Maybe you’re buying energy drinks at the gas station or snagging a chicken Caesar wrap from the self-checkout kiosk at your nearest airport. You swipe your card and the glowing point-of-sale screen prompts you to select 20%, 25%, or maybe even 30% gratuity on your purchase. It’s probably not the kind of transaction you’re expecting to add a tip on—but you very well might be asked to.
These days American customers are being encouraged to tip in settings where, just a couple of years ago, doing so was unprecedented. According to recent survey data, the increasing pressure to leave a gratuity (and more of it) during a wider array of sales is actually leading people to pay service workers less, not more.
Data from a Bankrate survey of 2,437 Americans published June 8 shows the number of people who say they always tip servers dropped from 77% in 2019 to 65% this year. Of participants, 66% said they have a negative view of tipping, 32% thought pre-entered tip screens were annoying, and 30% of respondents felt that tipping culture “has gotten out of control.”
Since tipping took hold during Reconstruction in the post-Civil War years, it’s never been particularly popular. In the 1800s the practice was considered un-American, and Democratic politician William Scott claimed it would one day be “uprooted.” Obviously, that didn’t pan out. While tipping stuck around, this latest data shows sentiment around the practice seems to have hit an all-time low.
We’ve had some version of this conversation again and again (and again) over the years. In 2014 Vox published a story claiming that tipping perpetuates racism, classism, and poverty. About a year later Danny Meyer eliminated tipping at his restaurants (before reinstating tips during the pandemic). In 2017 Vice called tipping culture in North America “increasingly oppressive.” In 2019 The New York Times argued it was “immoral.” The problem is that despite all this discourse about replacing a broken system, tips are still the only way many food service workers make a living wage.

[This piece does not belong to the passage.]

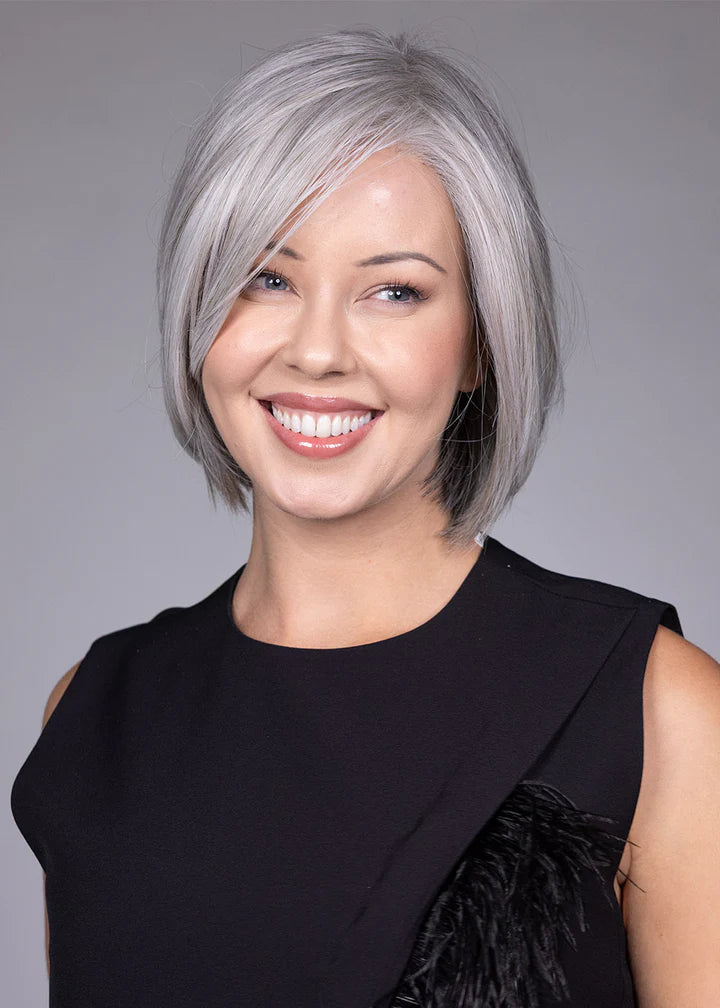 Dion by Belle Tress from the Icons Collection is a refined, modern bob with clean lines and soft movement. This heat friendly synthetic wig features a smooth, polished silhouette with gently layered ends that frame the face beautifully while maintaining a natural, effortless look.
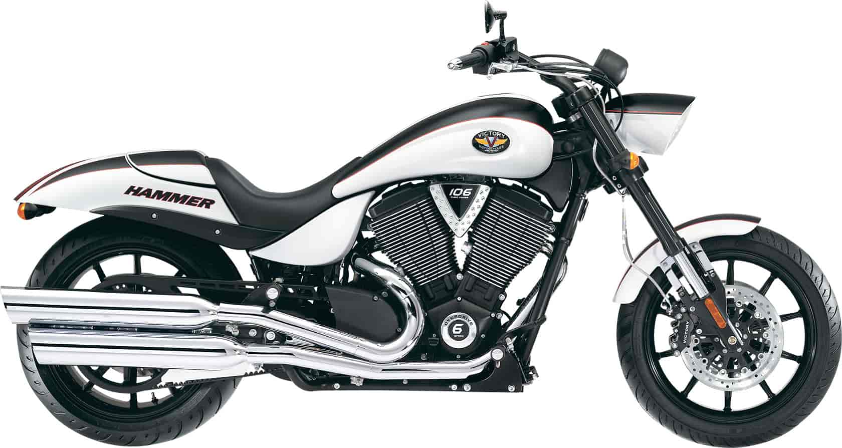 Modern American muscle with custom paint and blacked-out wheels inspires the 2010 Victory Hammer® S Motorcycle. Are you feeling the need? Then try this: a wide 250mm rear tire, 97 horsepower, 113 foot-pounds of torque, inverted front forks, dual-disk front brakes & a speedo & tach — standard. These performance features make such a strong statement that fully expresses the Hammer® S.

During the pandemic the vibe around gratuity finally shifted. The practice spread to every corner of the food industry as people happily showed their support for frontline workers. Of course, as restaurant employees who’ve long been paid as little as $2.13 an hour know, reliance on tips is nothing new. Still, the pandemic made customers more acutely aware of (and empathetic to) these realities, especially as staff shortages and Covid outbreaks rendered food service jobs more difficult and potentially dangerous. Throughout 2020 tips—and the requisite point-of-sale technology designed to capture them—boomed. It seemed like, maybe, negative attitudes towards tipping had mellowed.
Then, around last spring, business returned to some version of normal and so-called “tipping fatigue” set in. Some customers expressed the feeling that they were being asked to tip too much, too often. Others argued that when people don’t tip the recommended amount, they’re simply not paying the full cost of a meal. “Framing tipping as a burden or an extra demand on customers makes fatigue an inevitable reaction,” Adam Reiner wrote for Bon Appétit. “Instead, we should think of tipping as the price of service, and the decision not to leave one—or to leave less than standard—means underpaying for that service."
Now people are clearly confused and frustrated—again—by the question of how much, and when, to tip. As restaurants and cafes replace cash jars with touch screens suggesting higher tipping percentages, leaving a custom amount has become an awkward undertaking—especially while the person you’re tipping watches you try to do the math. It’s even more baffling to some customers now that requests are popping up during transactions where tipping hasn’t traditionally been expected, like at the lobster roll cart in Times Square.
Despite the angst around gratuity, the data suggests that customers are sympathetic to the fact that food service workers rely on tips to make a living—only, amid inflation, a lot of them don’t want to be the ones footing that bill. While the Bankrate survey found that 41% of respondents felt that food businesses should better compensate staff rather than forcing them to rely so heavily on tips, only 16% said they’d be willing to pay higher prices in the name of doing away with tipping.
“Inflation and general economic unease seem to be making Americans stingier with their tipping habits, yet we’re confronted with more invitations to tip than ever,” Bankrate senior industry analyst Ted Rossman said in a release for the study. “It’s a fascinating issue with few clear answers. There is one apparent certainty, though: Tipping doesn’t seem likely to leave American society anytime soon.”